Centre for Digital Humanities

Events

HAI Colloquium with Prof. Rens van de Schoot

Event details

Date:
28 October 2021
Time:
13:15 - 14:15
Venue:
Drift 21
Drift 21, room 0.32, Utrecht

The focus area Human-Centered AI (HAI) organizes the first Human Centered AI colloquium of this academic year with Prof. Rens van de Schoot as speaker.

Prof. van de Schoot works as full professor ‘Statistics for Small Data Sets’ at Utrecht University and is extra-ordinary professor at the North-West University in South-Africa. He is also program director of the research master ‘Methodology and Statistics for the Behavioural, Biomedical and Social Sciences’ and coordinator of the post-graduate program at the department of Methods and Statistics at Utrecht University.

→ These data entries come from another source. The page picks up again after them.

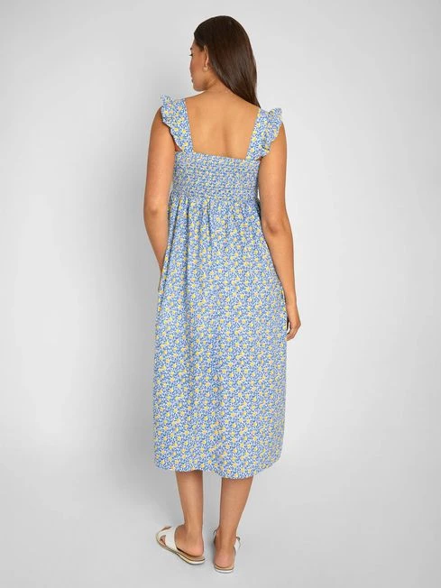 Jojo Maman Bebe JoJo Maman Bébé White Lemon Bloom Print Shirred Maternity Midi Dress
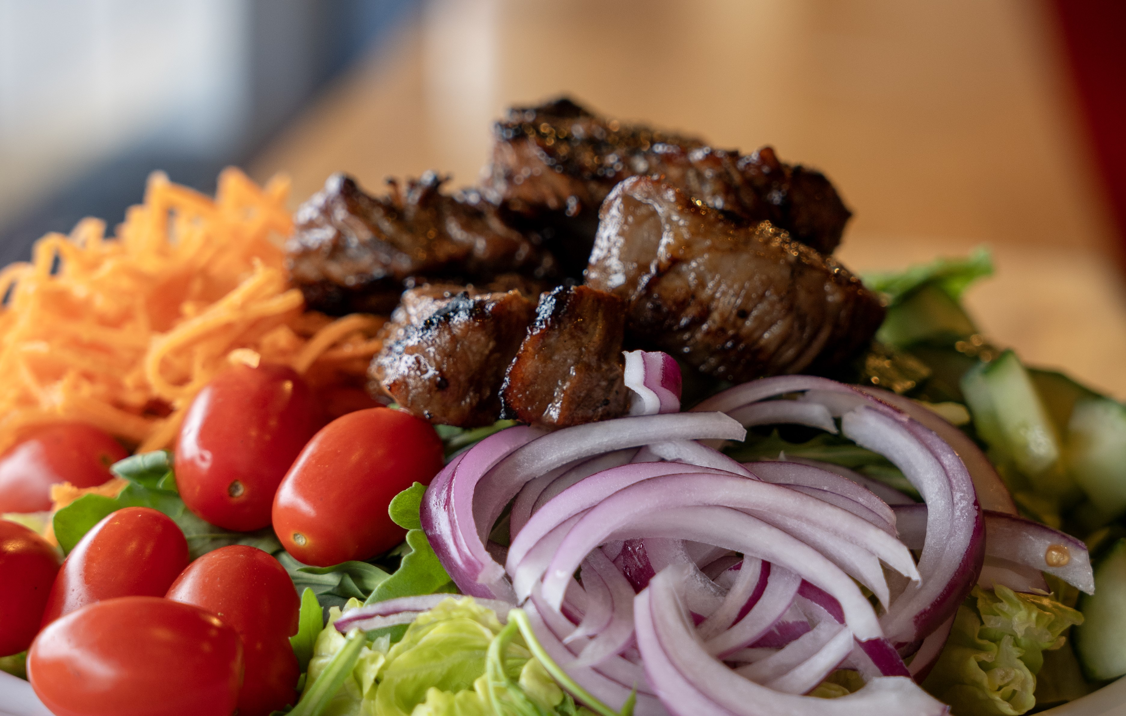 Marinated steak tips over our mixed greens salad with white balsamic vinaigrette
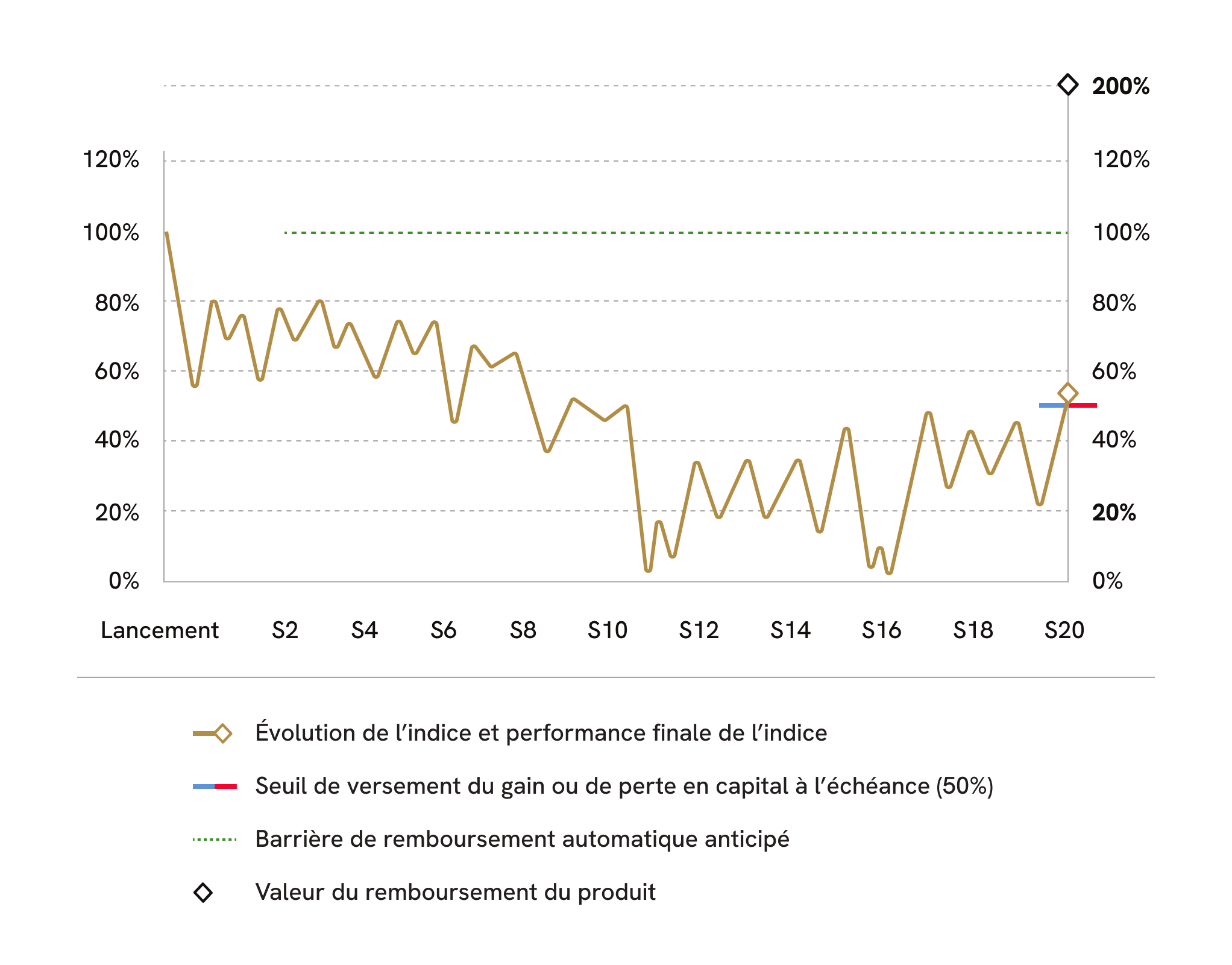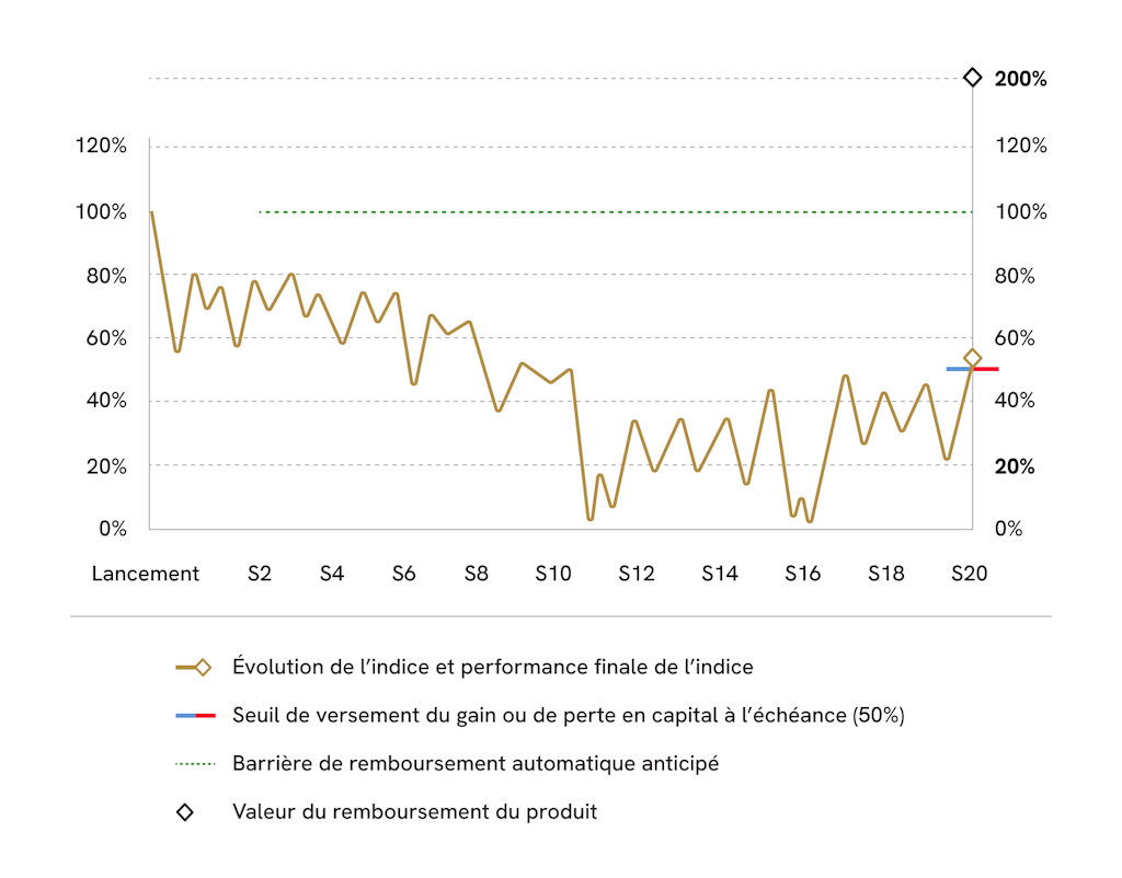- Semestres 2 à 20 : à chaque date de constatation semestrielle, l’indice clôture en dessous de son niveau initial. Le mécanisme de remboursement automatique anticipé ne s’active pas, et le produit continue.

He will talk about: Saving time and sanity – Active learning for screening large amounts of texts.

The scientific output of the world doubles every nine years. Imagine updating a medical guideline, making evidence-based policy or scouting for new technologies in this tsunami of new knowledge: there’s not enough time to read everything. More and more researchers and organizations rely upon Systematic Reviews to synthesize the state of the art in a particular scientific field. But this process is under severe strain: the exponential growth in papers means they too have to screen an ever-larger body of work – resulting in costly, abandoned, or error-prone work. A well-established approach to increase the efficiency of title and abstract screening is screening prioritization via active learning. Active learning is effective for systematic reviewing, and we can reduce the number of papers to screen up to 95%(!). Over the last years, we have worked with a multidisciplinary team to develop and validate an Open Source tool to support literature research in quickly finding relevant articles: ASReview – with >150K downloads of the user-friendly front-end in >40 countries, and is published in Nature Machine Intelligence. The software is designed to save time and improve transparency when screening large amounts of text using state-of-the-art machine learning models and feature extraction techniques. The tool is easily expandable, and many master students have already added new models to the software.

In the colloquium, I will introduce active learning for screening textual data using a real use-case of developing medical guidelines to deal with the Covid19 pandemic. Then, I will explain the difference between Human-in-the-loop and Research-in-the-loop approaches, introduce the underlying machinery, present results from simulation studies, and show how former master students have contributed to the open-source project. Lastly, I will explain the upcoming hackathon we are organizing for Follow the Money, investigating the communication between the multinational oil and gas company Shell and the Dutch government. They have to screen thousands and thousands of emails, let’s see if we can help them to speed up this process by implementing active learning!